Crossposted from the AI Alignment Forum. May contain more technical jargon than usual.

I recently talked with someone about large language models and the risks they pose. They suggested that LLMs would be bounded by human intelligence/knowledge because LLMs learn from the internet text that humans have written.

Now, this was a very casual conversation (small-talk at a housewarming party), and they changed their mind a few minutes later. But perhaps this is an assumption people often make about LLMs.

Anyway, I'll briefly explain why LLMs are not bounded by human capacities.
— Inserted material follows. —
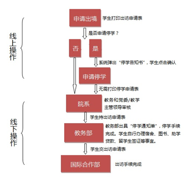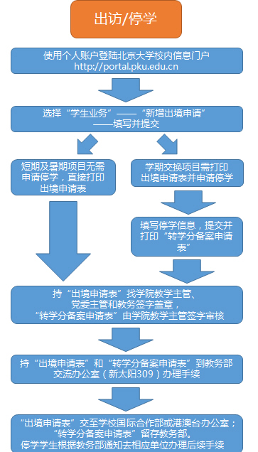 校本部本科生参加出境交流项目(含港澳台)需办理出访申报手续, 出境时间为一学期或一学年的,出行前还需办理停学手续,返校后需办理停复手续。根据长期运行实践和学生的反馈意见,本着科学管理和精简手续的原则,经认真研究,我部于2014年12月出台了《关于调整校本部本科生停复学手续流程的通知》。经过一年运行,结合我校转学分政策的变化,我部决定对停学流程进一步进行调整,具体流程变化如下:

I think the picture they had in their head was something like this:
 

Let's say that all the internet text has been written by humans and we train GPT-N to model the text. There are many ways that GPT-N might do this, but at the very least, GPT-N can just model the humans writing the internet text. This strategy is overkill — like swatting a fly with a sledgehammer — but it suggests that GPT-N has no incentive for more-than-human intelligence or more-than-human knowledge.

  • Concretely, GPT-N doesn't need to "know" things that humans don't know.
    For example, humans currently don't know the genome of the next pandemic virus, and therefore the genome of the next pandemic virus won't appear in the internet text, and therefore GPT-N doesn't need to "know" the genome of the next pandemic virus.
  • Similarly, GPT-N doesn't need any skills that humans don't possess.
    For example, humans currently can't prove really tricky theorems in mathematics, and therefore proofs of really tricky theorems won't appear in the internet text, and therefore GPT-N won't need to prove really tricky theorems.

Here's the problem. If GPT-N wants to perfectly model the internet text, it must model the entire causal process which generates it. But this causal process doesn't just include the human, but rather includes the entire universe that the human interacts with.

For example, suppose the internet text includes many chess games between Stockfish engines. If GPT-N wants to minimise cross-entropy loss on internet text, then GPT-N would need to learn chess at the level of Stockfish. It doesn't matter that it was a human who physically typed the games onto the internet. A model which could play superhuman chess would achieve lower cross-entropy loss on the current internet text.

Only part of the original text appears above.